Plusieurs fois, Lord de Winter, soit Porthos, soit Aramis, avaient essayé d’adresser la parole à l’homme au manteau rouge; mais à chaque interrogation qui lui avait été faite, il s’était incliné sans répondre. Les voyageurs avaient alors compris qu’il y avait quelque raison pour que l’inconnu gardât le silence, et ils avaient cessé de lui adresser la parole.

D’ailleurs, l’orage grossissait, les éclairs se succédaient rapidement, le tonnerre commençait à gronder, et le vent, précurseur de l’ouragan, sifflait dans la plaine, agitant les plumes des cavaliers.

La cavalcade prit le grand trot.

Un peu au-delà de Fromelles, l’orage éclata; on déploya les manteaux; il restait encore trois lieues à faire: on les fit sous des torrents de pluie.

D’Artagnan avait ôté son feutre et n’avait pas mis son manteau; il trouvait plaisir à laisser ruisseler l’eau sur son front brûlant et sur son corps agité de frissons fiévreux.

Au moment où la petite troupe avait dépassé Goskal et allait arriver à la poste, un homme, abrité sous un arbre, se détacha du tronc avec lequel il était resté confondu dans l’obscurité, et s’avança jusqu’au milieu de la route, mettant son doigt sur ses lèvres.

Athos reconnut Grimaud.

«Qu’y a-t-il donc? s’écria d’Artagnan, aurait-elle quitté Armentières?»

Grimaud fit de sa tête un signe affirmatif. D’Artagnan grinça des dents.

«Silence, d’Artagnan! dit Athos, c’est moi qui me suis chargé de tout, c’est donc à moi d’interroger Grimaud.

– Où est-elle?» demanda Athos.

Grimaud étendit la main dans la direction de la Lys.

«Loin d’ici?» demanda Athos.

Grimaud présenta à son maître son index plié.

«Seule?» demanda Athos.

Grimaud fit signe que oui.

«Messieurs, dit Athos, elle est seule à une demi-lieue d’ici, dans la direction de la rivière.

– C’est bien, dit d’Artagnan, conduis-nous, Grimaud.»

Grimaud prit à travers champs, et servit de guide à la cavalcade.

Au bout de cinq cents pas à peu près, on trouva un ruisseau, que l’on traversa à gué.

À la lueur d’un éclair, on aperçut le village d’Erquinghem.

«Est-ce là?» demanda d’Artagnan.

Grimaud secoua la tête en signe de négation.

«Silence donc!» dit Athos.

Et la troupe continua son chemin.

Un autre éclair brilla; Grimaud étendit le bras, et à la lueur bleuâtre du serpent de feu on distingua une petite maison isolée, au bord de la rivière, à cent pas d’un bac.

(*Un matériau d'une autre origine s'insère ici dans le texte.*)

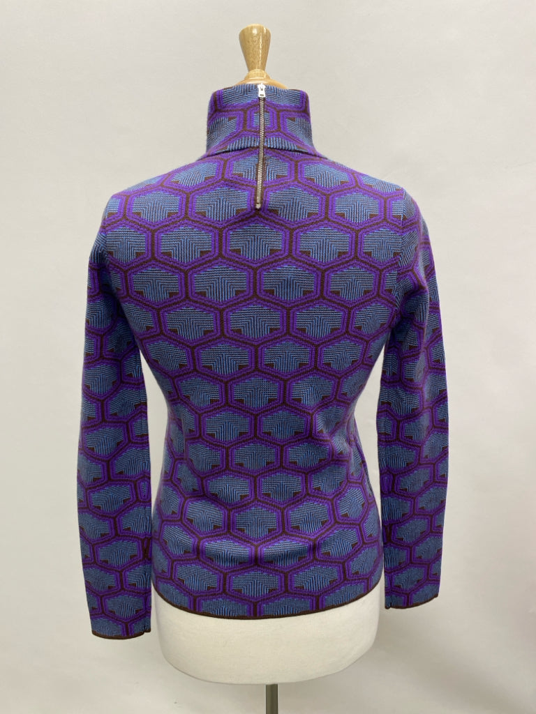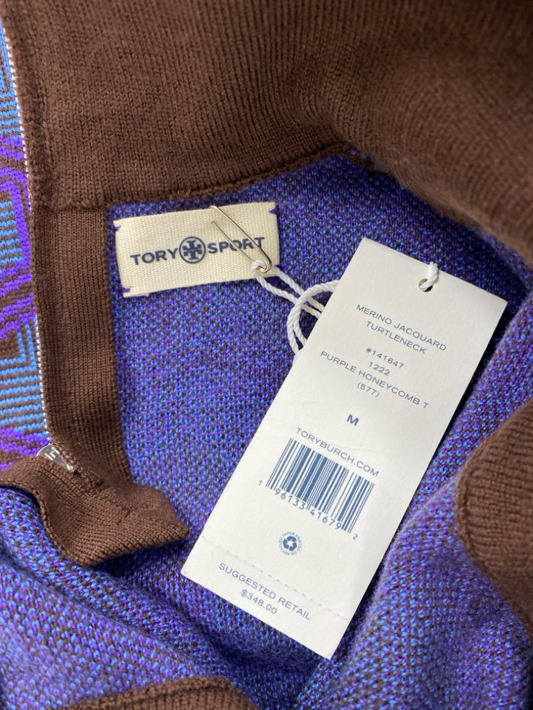 Tory Burch Size M Purple Blue/Brown Honeycomb Turtleneck Merino Ladies Sweater
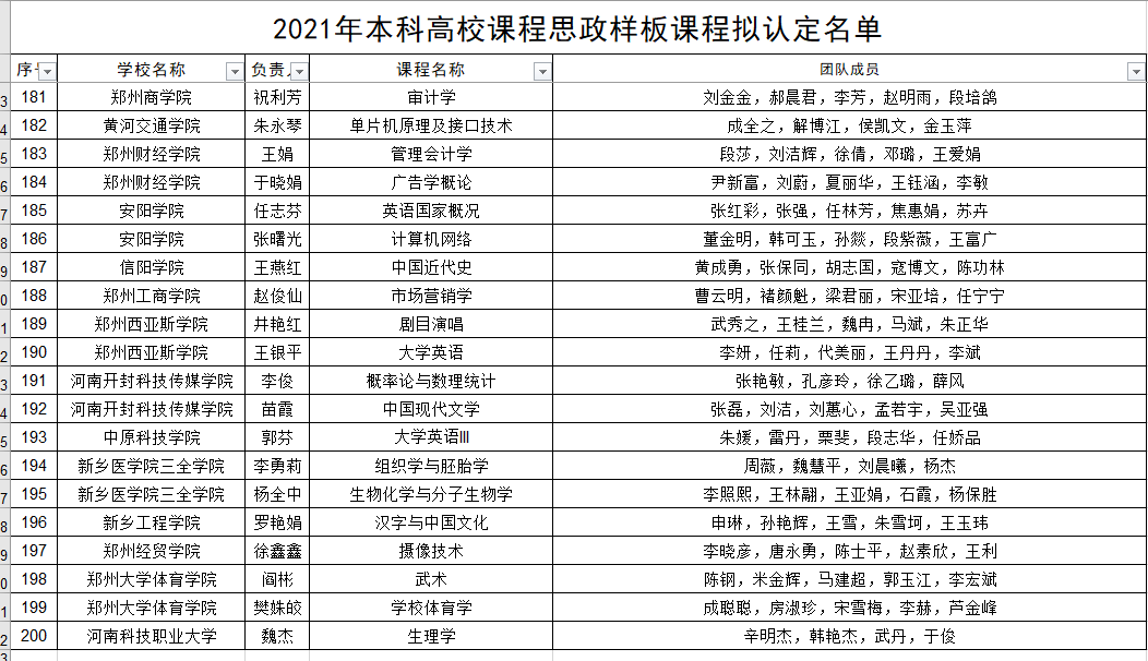 近日,在河南省教育厅下发的《关于开展本科高校第二批课程思政项目建设的通知》(教办高〔2021〕239号)中,我院申报的《汉字与中国文化》课程被拟认定为河南省2021年本科高校课程思政样板课程。该课程由我院院长罗艳娟老师带队,团队成员有申琳、孙艳辉、王雪、朱雪珂和王玉玮老师。

Une fenêtre était éclairée.

«Nous y sommes», dit Athos.

En ce moment, un homme couché dans le fossé se leva, c’était Mousqueton; il montra du doigt la fenêtre éclairée.

«Elle est là, dit-il.

– Et Bazin? demanda Athos.

– Tandis que je gardais la fenêtre, il gardait la porte.

– Bien, dit Athos, vous êtes tous de fidèles serviteurs.» Athos sauta à bas de son cheval, dont il remit la bride aux mains de Grimaud, et s’avança vers la fenêtre après avoir fait signe au reste de la troupe de tourner du côté de la porte.

La petite maison était entourée d’une haie vive, de deux ou trois pieds de haut. Athos franchit la haie, parvint jusqu’à la fenêtre privée de contrevents, mais dont les demi-rideaux étaient exactement tirés.

Il monta sur le rebord de pierre, afin que son œil pût dépasser la hauteur des rideaux.

À la lueur d’une lampe, il vit une femme enveloppée d’une mante de couleur sombre, assise sur un escabeau, près d’un feu mourant: ses coudes étaient posés sur une mauvaise table, et elle appuyait sa tête dans ses deux mains blanches comme l’ivoire.